Here, the time evolution of a PDE is determined using the method of lines by
explicitly discretizing space using fixed grids.
The differential operators are implemented using the finite difference method.
For simplicity, we consider only regular, orthogonal grids, where each axis has
a uniform discretization and all axes are (locally) orthogonal.
Currently, we support simulations on
CartesianGrid
,
PolarSymGrid
,
SphericalSymGrid
, and
CylindricalSymGrid
,
with and without periodic boundaries where applicable.
Fields are defined by specifying values at the grid points using the classes
ScalarField
,
VectorField
, and
Tensor2Field
.
These classes provide methods for applying differential operators to the fields,
e.g., the result of applying the Laplacian to a scalar field is returned by
calling the method laplace()
, which
returns another instance of ScalarField
, whereas
gradient()
returns a
VectorField
.
Combining these functions with ordinary arithmetics on fields allows to
represent the right hand side of many partial differential equations that appear
in physics.
Importantly, the differential operators work with flexible boundary conditions.
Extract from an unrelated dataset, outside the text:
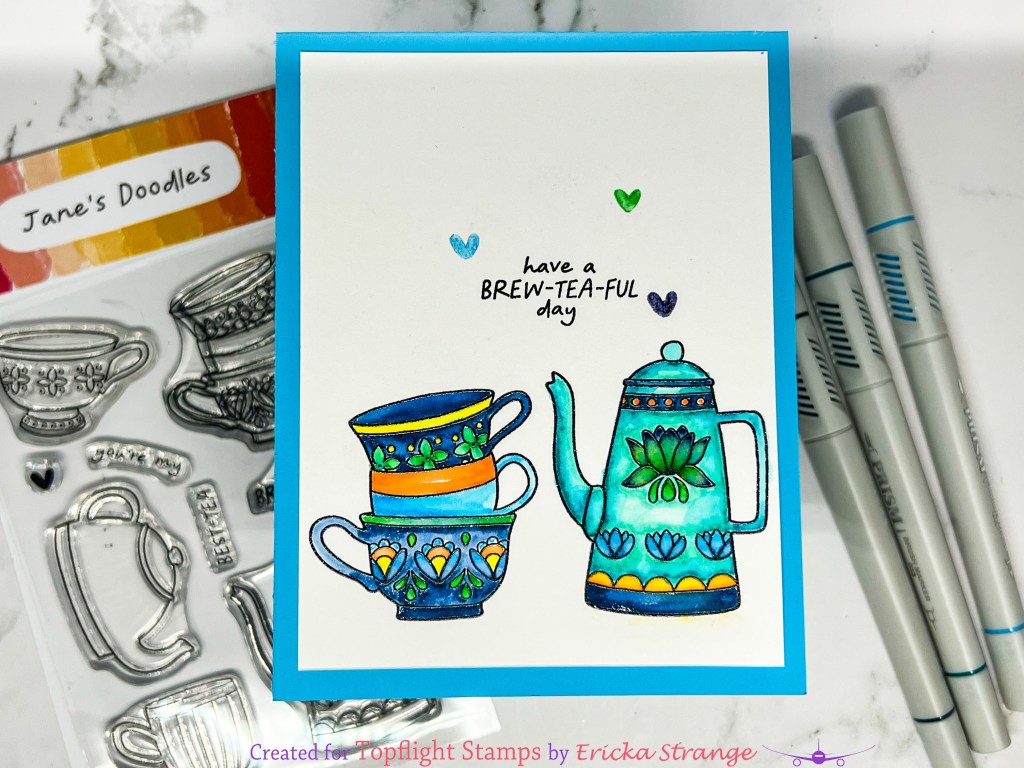 Hello friends today I am over on the Topflight Stamps blog playing with the Jane’s Doodles Brew-Tea-Ful set for a fun little tea card. I love this set and it pretty coffee cups that you can color up.

The PDEs to solve are represented as a separate class inheriting from
PDEBase
.
One example defined in this package is the diffusion equation implemented as
DiffusionPDE
, but more specific situations need to
be implemented by the user.
Most notably, PDEs can be specified by their expression using the convenient
PDE
class.
The PDEs are solved using solver classes, where a simple explicit solver is
implemented by ExplicitSolver
, but more advanced
implementations can be done.
To obtain more details during the simulation, trackers can be attached to the
solver instance, which analyze intermediate states periodically. Typical
trackers include
ProgressTracker
(display simulation progress),
PlotTracker
(display images of the simulation),
and SteadyStateTracker
(aborting simulation when
a stationary state is reached).
Others can be found in the trackers
module.
Moreover, we provide MemoryStorage
and
FileStorage
, which can be used as trackers
to store the intermediate state to memory and to a file, respectively.